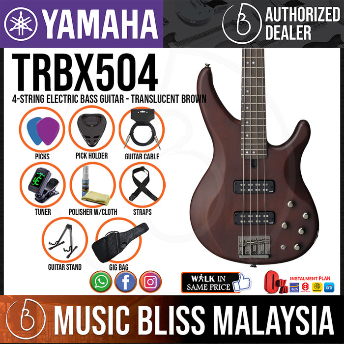 The Yamaha TRBX504 bass guitar brings versatility, killer looks, and amazing performance together in a complete package. This sleek-looking, great-sounding bass gives you a comfortable Yamaha body shape and a fast-action bolt-on 5-piece maple/mahogany neck with a smooth-playing rosewood fingerboard. A pair of humbucking pickups deliver hum-free sound and powerful active electronics lets you optimize your bass or different playing styles. Factor in the Yamaha TRBX504's solid hardware and thoughtful design, and you've got a great-looking bass that's ready to conquer any stage.
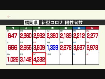 新型コロナ陽性(30日)福岡県4332人 4000人超は9月10日以来
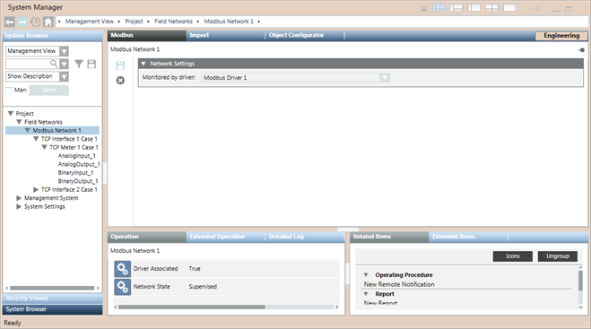 In Engineering mode, after selecting a Modbus network in System Browser, you can configure its network settings using the Network Settings expander of the Modbus tab. You can only delete the Modbus network. The properties associated with the selected network display in the Operation/Extended Operation tabs.
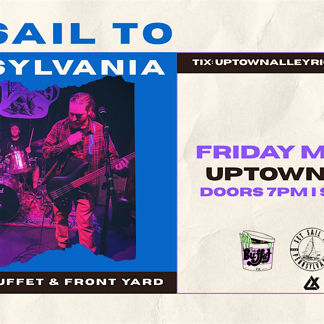 Join us at Uptown Alley on Friday, May 29th for a rocking night with Set Sail To Pennsylvania, Musko Buffet & Front Yard!Uptown Alley & LXGRP Presents:⛵ SET SAIL TO PENNSYLVANIA: Live at Uptown Alley! 🎸Get ready for a night of high-energy live music as Set Sail to Pennsylvania takes the stage! We're bringing the
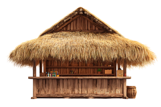Simple wooden tiki bar with a thatched roof, in a transparent background
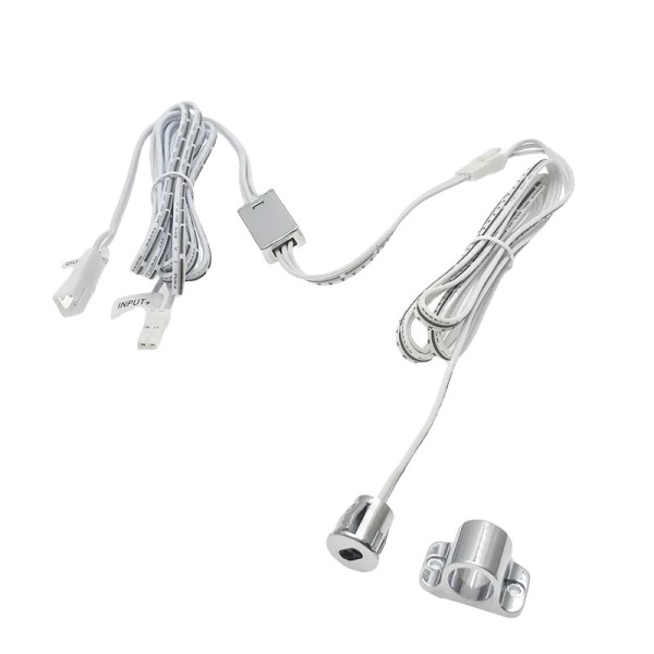 Sensor inteligente con tecnología infrarroja (IR) diseñado para sistemas de iluminación LED de baja tensión. Ideal para instalar dentro de gabinetes, clósets o muebles, permite el encendido y apagado automático de la luz al abrir o cerrar la puerta.
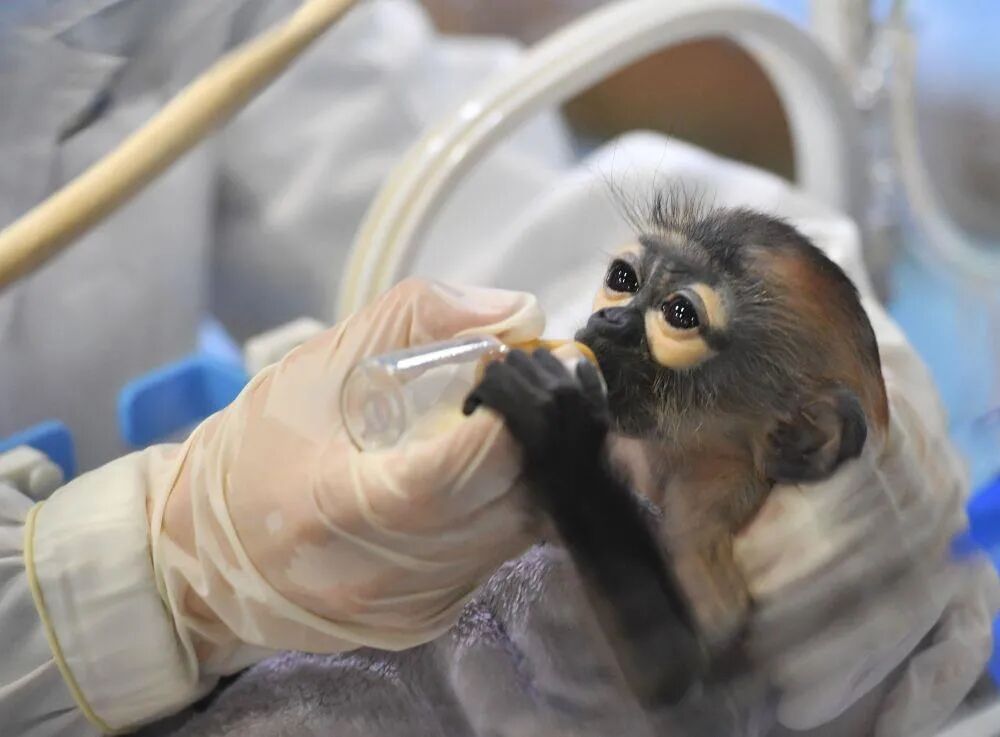 11月10日,广州长隆灵长类研究中心保育员给人工繁育成功的黑腿白臀叶猴宝宝喂奶。来源:央视新闻客户端
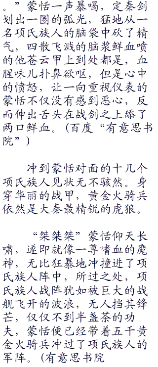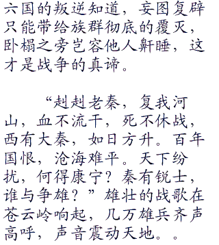 而站在城头上的黄金火骑兵,也发出山呼海啸的呐喊,”赳赳老秦,复我河山。血不流干,死不休战。西有大秦,如日方升。百年国恨,沧海难平。天下纷扰,何得康宁?秦有锐士,谁与争雄?!”雄壮的战歌声中,黄金火骑兵已经跟随在他们的主将身后,挥舞着定秦剑从城头上杀了下来。
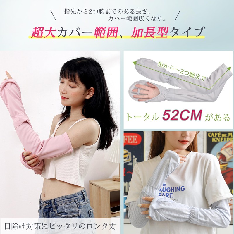 - (UV Protection and Cooling Sensation Arm Cover) Arm cover uses a cooling sensation fabric that allows you to feel cool to the touch at -4°F (-5°C). Provides instant cooling function. It has been proven by a laboratory's UV shielding rate, and is cut with the highest level of UPF 50+ in the industry and has over 99% of UV rays. Treated with UV absorbers that can absorb high energy UV rays and provide maximum protection from the sun's harmful damage. With a total of 20.5 inches (52 cm), you can protect your hands from sunburn from your fingertips to your arms
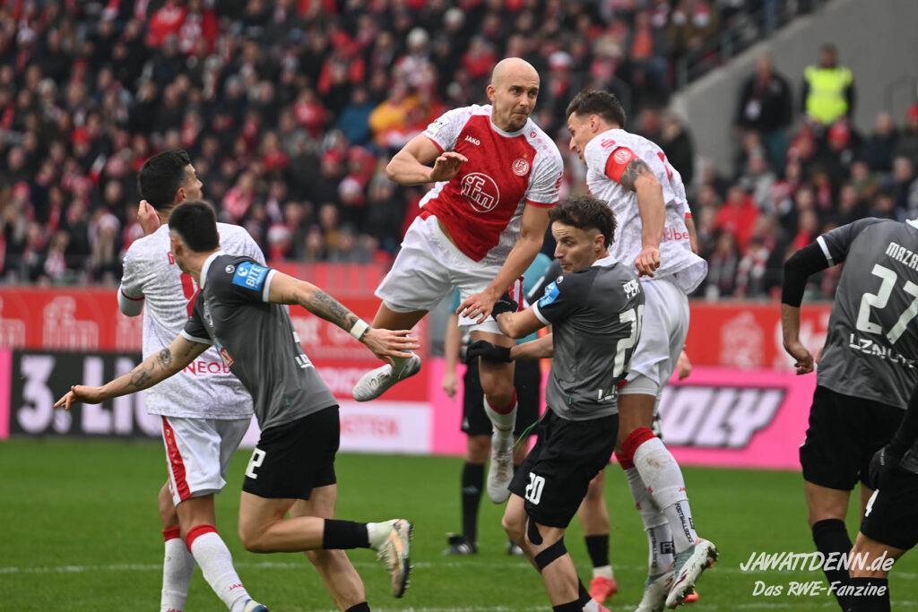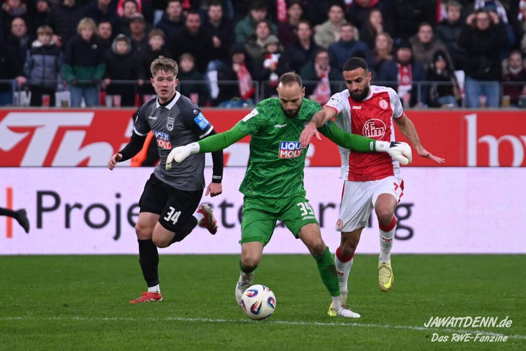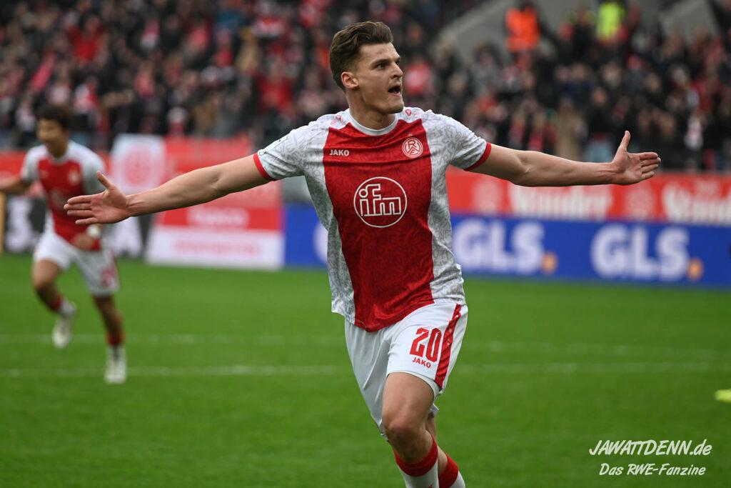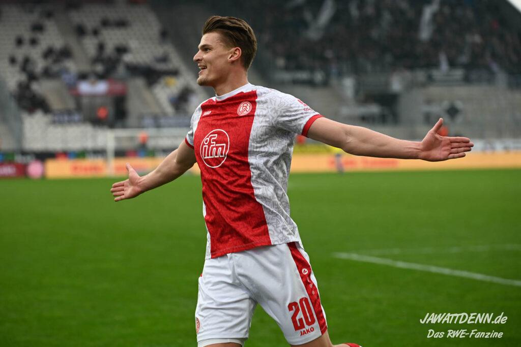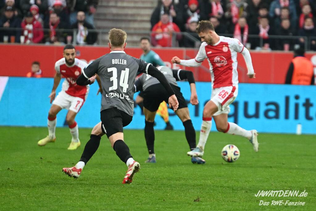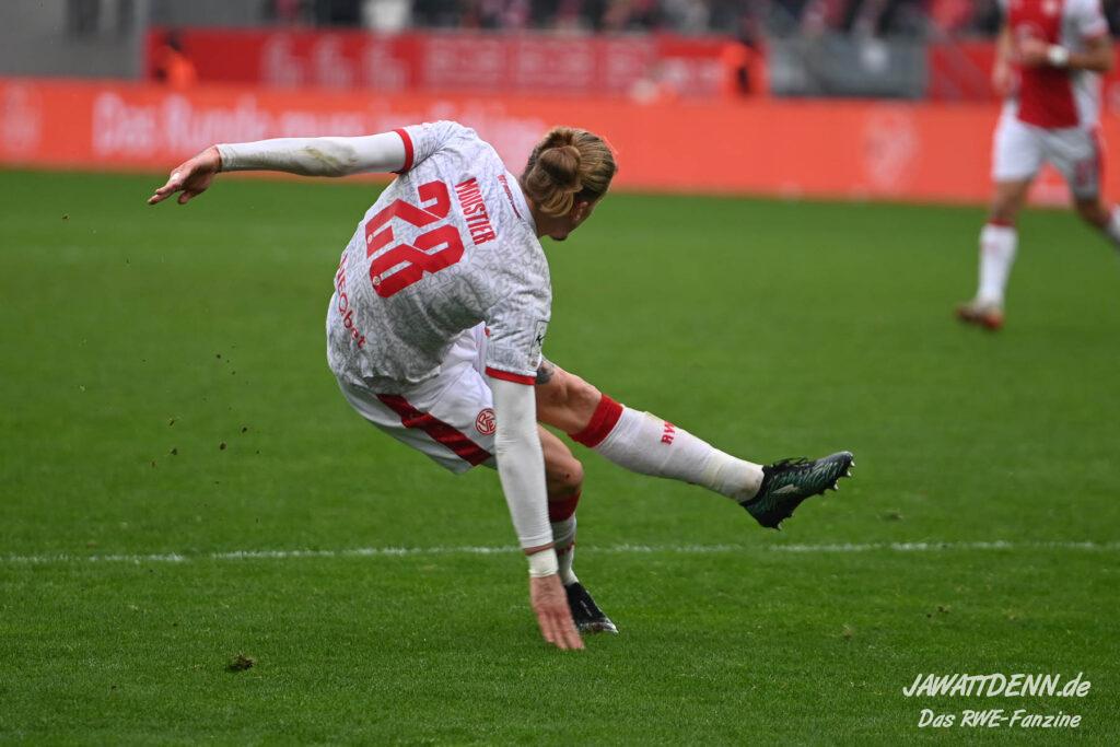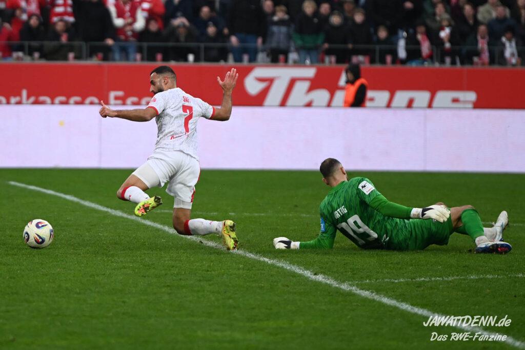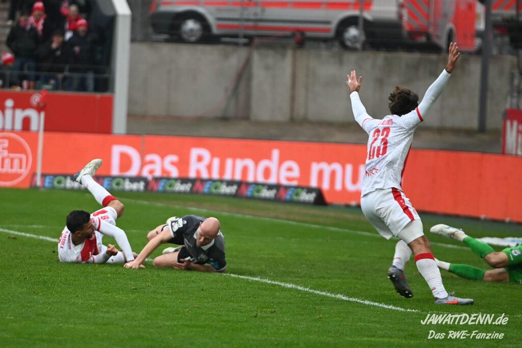 Aber zum Glück hat RWE lange Einwürfe von Tom Moustier und einen Kaito Mizuta in Top-Form, denn nur acht Minuten später landete eine abgewehrte Einwurfflanke an der Strafraumgrenze und wurde vom Japaner mit einer sehenswerten Direktabnahme zum 3:2-Siegtreffer versenkt. Dass noch gezittert werden musste lag auch daran, dass Ramien Safi in aussichtsreicher Start-Position an der Mittellinie fälschlicherweise ein Handspiel unterstellt wurde und er wenig später in noch aussichtsreicherer Situation den Ball mal wieder nicht im Kasten unterbrachte.
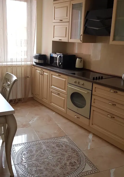 Дорогой дизайнерский ремонт в современных тонах. Ремонт делали для себя, использовали только высококачественные материалы. Материалы покупали самые дорогие, импортные. В квартире остается дорогая встроенная кухня с бытовой техникой, встроенные шкафы в спальне и на лоджии.
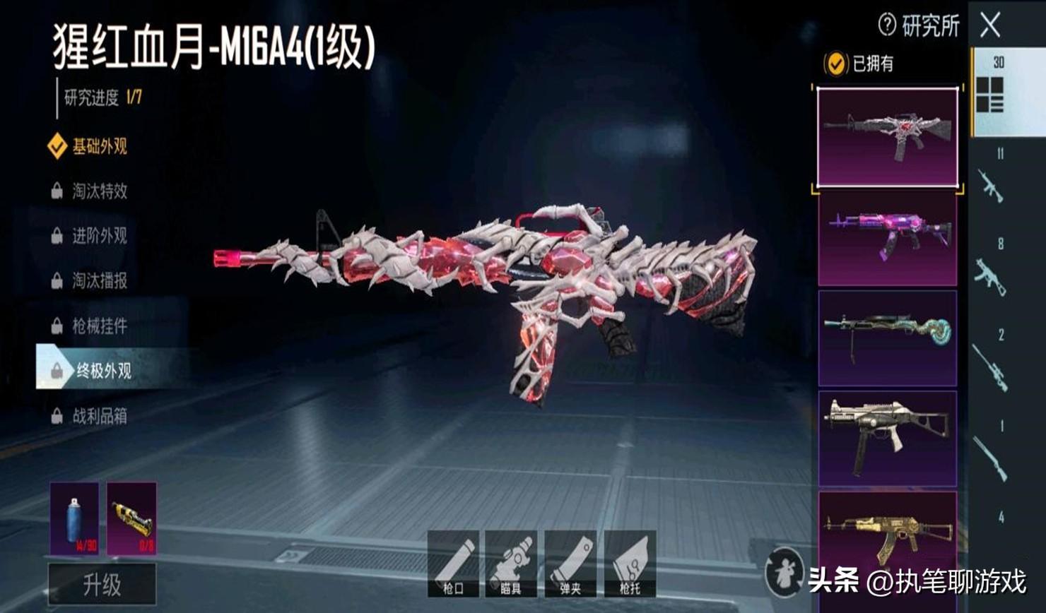 接下來登場的是猩紅血月M16A4,自從光子多次調整之後,M16A4如今鮮少能看到它的身影了,還記得以前沒有調整時,高端局裏的大神拿上它,簡直就是“人形大炮”。
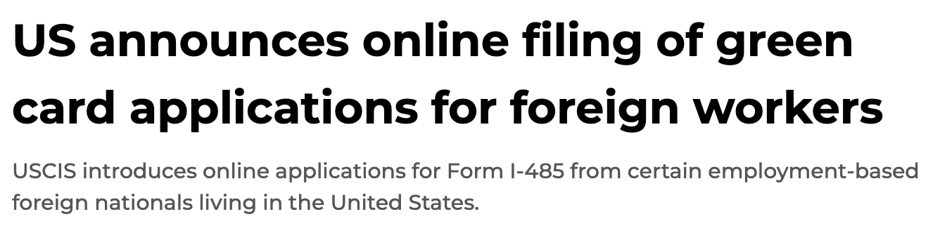 对于正在排队等绿卡、或准备递交身份调整申请的海外华人来说,一项重要变化已经落地。美国公民及移民服务局(USCIS)正式开放部分职业移民类别的I-485表格在线提交功能。对申请人而言,这不仅是流程的简化,更可能直接影响等待体验与效率。
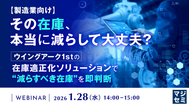 マジセミ株式会社は「【製造業向け】その在庫、本当に減らして大丈夫? 」というテーマのウェビナーを開催します。
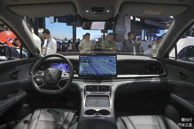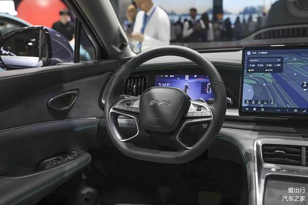 内饰设计以"海洋律动"为主题,中控台顶部模拟海浪起伏的弧形线条,搭配哑光黑饰板与金属拉丝面板,营造出层次分明的科技氛围。10.25英寸全液晶仪表与15.6英寸自适应旋转中控屏组成双核交互界面,内置DiLink 5.0智能网联系统,支持5G车联网、整车OTA远程升级、四音区语音交互及连续指令识别。应用商店覆盖主流影音娱乐软件,可实现车内观影、短视频浏览及在线音乐播放。
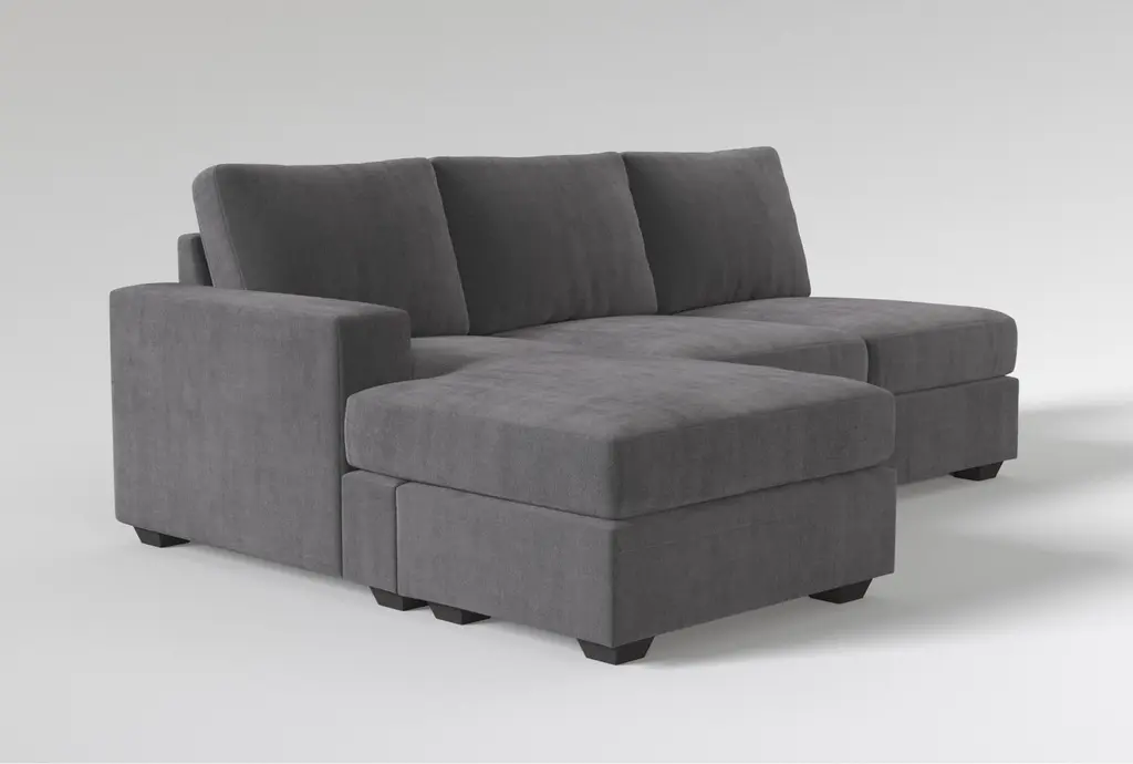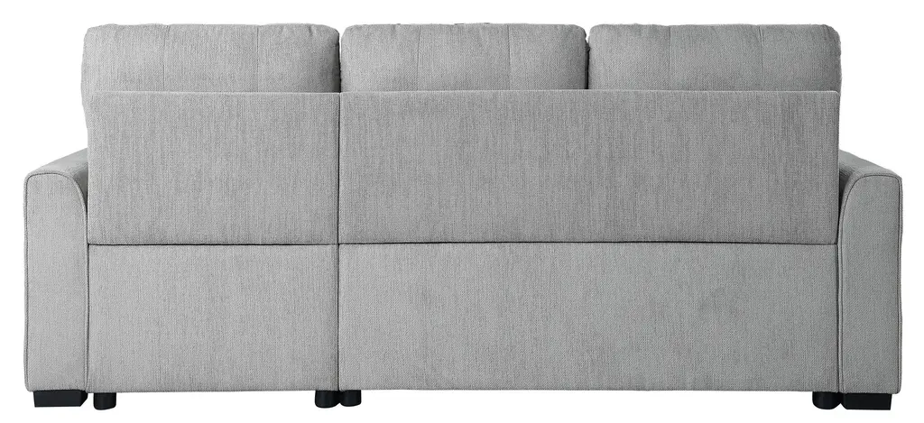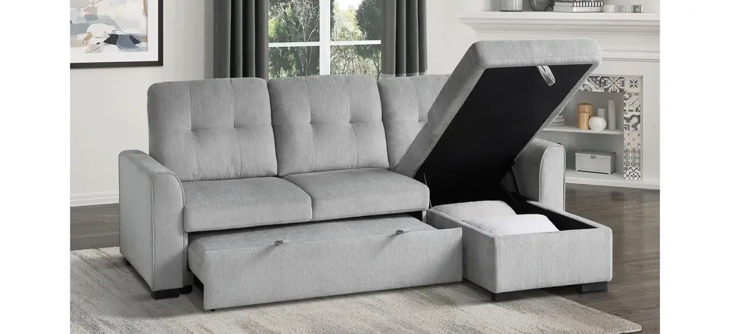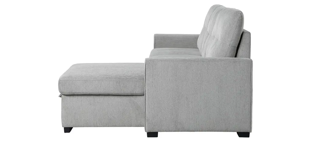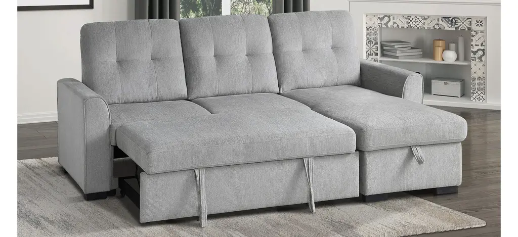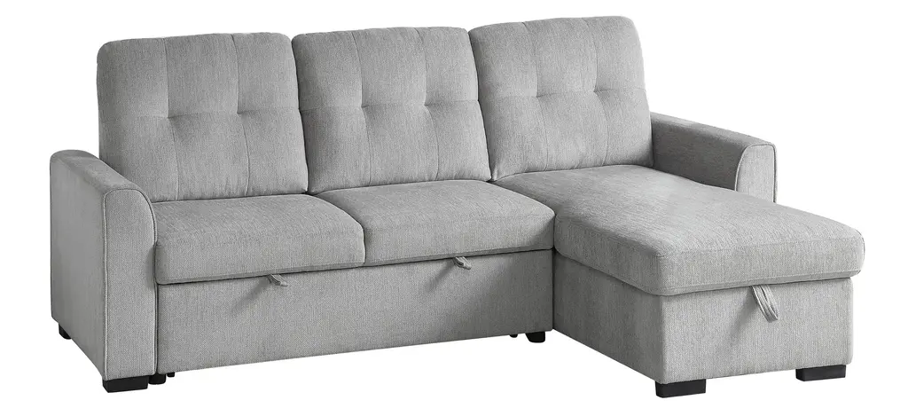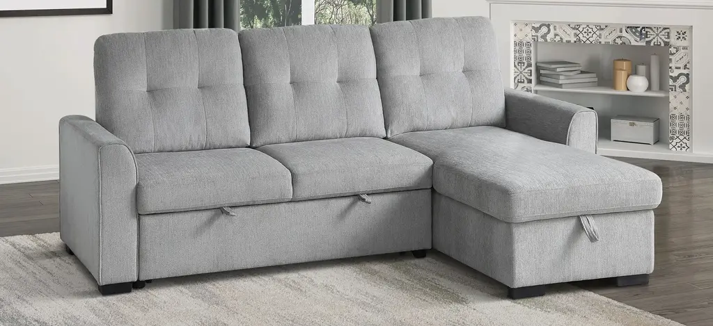 Customizable for your casual living room's available space, the Ember 2-pc. Reversible Sectional w/ Sleeper functionality goes beyond that of a traditional sofa. Covered in light gray chenille, the transitional profile of this seating group is complemented by stitch tufting and track-style arms. Conveniently stored beneath the sofa is a pull-out trundle that rises to create a bed while the top of the attached chaise opens to reveal under-seat storage. The chaise can be configured as right or left side placement based on the needs of your space.
##########
Above are some records; extract exactly the lines from the one containing "Join us at Uptown" through the one containing "而站在城头上的黄金火骑兵,也" and drop the pictures.

Answer section:
 Join us at Uptown Alley on Friday, May 29th for a rocking night with Set Sail To Pennsylvania, Musko Buffet & Front Yard!Uptown Alley & LXGRP Presents:⛵ SET SAIL TO PENNSYLVANIA: Live at Uptown Alley! 🎸Get ready for a night of high-energy live music as Set Sail to Pennsylvania takes the stage! We're bringing the
Simple wooden tiki bar with a thatched roof, in a transparent background
 Sensor inteligente con tecnología infrarroja (IR) diseñado para sistemas de iluminación LED de baja tensión. Ideal para instalar dentro de gabinetes, clósets o muebles, permite el encendido y apagado automático de la luz al abrir o cerrar la puerta.
 11月10日,广州长隆灵长类研究中心保育员给人工繁育成功的黑腿白臀叶猴宝宝喂奶。来源:央视新闻客户端
 而站在城头上的黄金火骑兵,也发出山呼海啸的呐喊,”赳赳老秦,复我河山。血不流干,死不休战。西有大秦,如日方升。百年国恨,沧海难平。天下纷扰,何得康宁?秦有锐士,谁与争雄?!”雄壮的战歌声中,黄金火骑兵已经跟随在他们的主将身后,挥舞着定秦剑从城头上杀了下来。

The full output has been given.